What can you do but climb out again?
(and write cartoon apology/love letters)
And start all over.
And even then my gallant little ship of soul was torpedoed once again when I couldn't respond with a can-do attitude or even a how-about-this-instead approach to a (perhaps somewhat unrealistic?) request from a friend in crisis. And having to put in public words how without-a-job our family is made it all more real than ever. And more and more the burden bore down how unpromising the horizon looks. And worst of all is how worthless I feel. How can I be any kind of helping hands if I have nothing in my hands to give?
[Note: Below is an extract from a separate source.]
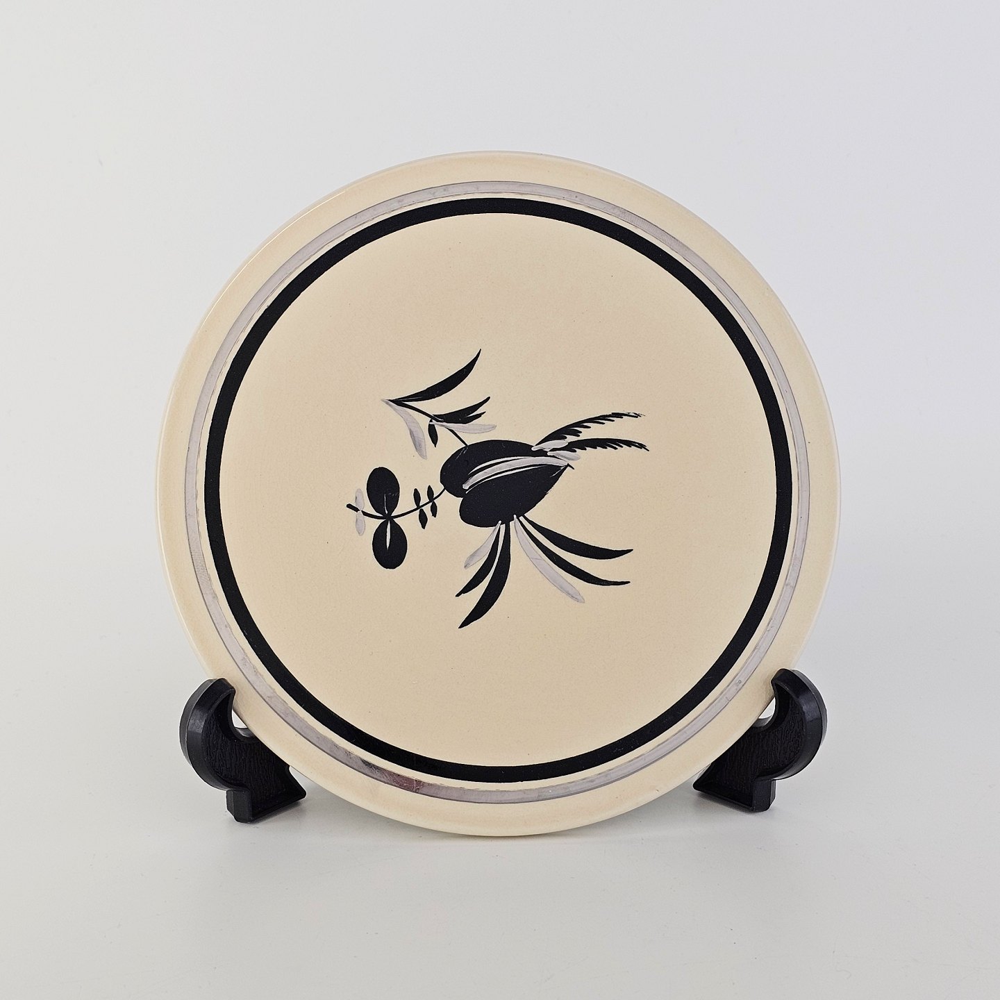 Råhvidt fajancestel i stelform E med dekoration af naturmotiver i sølv og sort farve.

But the Lord is mindful of me always. And when I am mindful of Him, I can come within earshot of His voice. I was poking around on my Gospel Library app and found a whole area with support materials for missionaries. In "Adjusting to Missionary Life" the first section is about understanding and managing stress.
Yup, I thought, even if my mission is just to live my life with some kind of dignity and peace and not drive the people around me crazy.
I began to read and at these words . . .
"Be kind to yourself. Talk to yourself with the same kind, comforting words you would use with someone else. Everyone gets frustrated or makes mistakes sometimes. Know that the Lord understands. Imagine Him sitting close to you, listening and offering support. Remember, thoughts of helplessness, hopelessness, or harsh condemnation are not from the Lord."
. . . I began to sob, laying my head down on my arms there at the table.
For a moment it was if I really was sitting there with my Savior and He was listening to me and assuring me that I had it in me to carry on.
And so, here I am, carrying on. As usual. The Abyss is just my usual first stop on any important journey.